Car il est des absences qui s’imposent non tant par leur nécessité que par le flou des excuses, des prétextes de dernière minute où des catastrophes imprévues – presque trop commodes pour être sincères – viennent masquer un désengagement qu’ils n’osent avouer.
Les faux adorateurs du génie littéraire
Parmi ces malandrins, dont la posture aujourd’hui est de s’extasier, à bon compte, devant Kafka ou d’autres grands esprits posthumes, combien, si le hasard les avait placés face à ces génies de leur vivant, auraient, dans un réflexe identique à celui qu’ils manifestent aujourd’hui envers l’art littéraire contemporain, détourné leur regard, refusant d’accueillir l’originalité, le trouble, cette lumière tremblante qui s’épanouit souvent dans les marges du temps avant de devenir éclatante pour ceux qui sauront la reconnaître ?
Ces mêmes esprits qui célèbrent à présent ce qui fut autrefois rejeté auraient probablement, à l’époque, marqué leur désengagement par des gestes d’une indifférence cruelle ou des excuses si laborieuses qu’elles en seraient presque grotesques.
La honte des contemporains, non des auteurs
Et il n’est que trop fréquent, dans l’histoire de la littérature, que ceux dont le génie ne résonne pas immédiatement avec leur époque en viennent à porter le fardeau de ce silence, comme si la faute d’être incompris leur incombait.
Mais non, la honte ne saurait reposer sur ces créateurs qui, tels des éclaireurs, avancent hors des sentiers battus.
Elle appartient à leurs contemporains qui, par un esprit de tradition ou d’une convenance héritée, s’ingénient à les ignorer, préférant se retrancher derrière les normes établies plutôt que d’accueillir la nouveauté dans toute sa force déconcertante.
Ce n’est pas l’auteur qui échoue à parler à son temps, mais souvent son époque qui échoue à le comprendre.
Pas de place pour les hypocrites
Dans nos salons, où chaque échange, chaque rencontre se veut un hommage à l’authenticité, nous ne pouvons tolérer de tels faux-semblants.

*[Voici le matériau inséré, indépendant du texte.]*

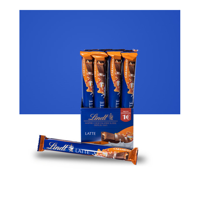 Delizioso cioccolato al latte con un morbido cuore al caramello. Stick Lindt Caramello racchiude 24 golosi stick da 38 grammi per un momento di golosità quando più ne hai bisogno.

Ces prétendus amoureux de la littérature, qui adoptent une attitude de recul ou d’évitement face à l’art vivant, ne peuvent prétendre participer à ce lieu de célébration sincère.
Ainsi, ceux qui, par leur désengagement ou leurs explications douteuses, ont préféré tourner le dos à nos valeurs, se verront désormais accueillis non plus avec la chaleur des amis, mais avec l’indifférence polie réservée aux persona non grata.
Que ce sanctuaire des mots demeure un lieu où l’on célèbre la beauté présente, avant que le temps ne la transforme en mémoire.